Question

Mrna Gtf File

0

Entering edit mode

11.1 years ago

sridhar2bioinfo ▴ 20

Dear Team,

I am working on mRNA human Tumor gene Expression. I ran tophat followed by cufflinks using hg 19 reference..

Now i wish to annotate the output of cufflinks with the mRNA gtf file.

My doubts are.. 1. should i Map my data with mRNA.fa or hg19 reference while running tophat?? 2. could you suggest me to get the mRNA gtf file??

i tried downloading the mRNA gtf file from ucsc table browser as mentioned below..

Group: Genes and gene Prediction Track Track:Refseq Genes Table:Humanmrna(all_mrna)

the output file size is around 200MB. But i heard known mRNA are only 22000.

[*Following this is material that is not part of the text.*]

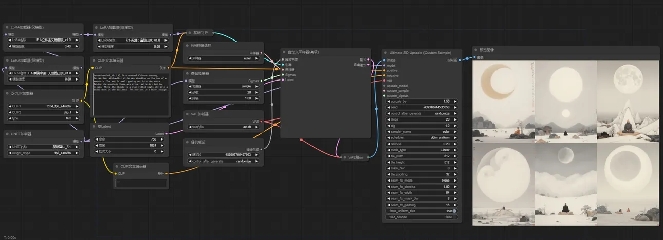 该工作流为Flux国风山水lora多丹混服(几个风格lora混合使用)的在线体验示意,诸位可以在这个思路上自行调整自己想要混服的其他风格lora。

Could you Suggest me to get the mRNA.gtf file and the reference to be used during mapping??

Thanks Sri

tophat2 cufflinks rnaseq ucsc • 3.5k views

ADD COMMENT • link updated 11.1 years ago by Devon Ryan 104k • written 11.1 years ago by sridhar2bioinfo ▴ 20

score 0 · Answer 1 · 2013-10-15

Nitpick: You have a "question", not a "doubt". I've seen a lot of people use this phrase, so I assume that this is incorrectly taught in some country (or countries).

Align to the hg19 reference. Since you're using tophat, give it the GTF and it will first align to the transcriptome and do the conversion of the mapping coordinates back to the genome for you.
If you downloaded the genome from UCSC, then get the annotation file from there too. Don't try to mix a reference genome from Ensembl with an annotation from UCSC (or vice versa), as the chromosome names are different. Alternatively, just download the appropriate bundle from iGenomes and you'll have matched bowtie indices and annotation files. That's rather convenient.

Regarding the size of the GTF from UCSC, that 22000 number refers more to the number of genes. Each gene can (and often does) have many different transcripts. That really balloons the size of the file. It may seem large, but that's not unreasonable.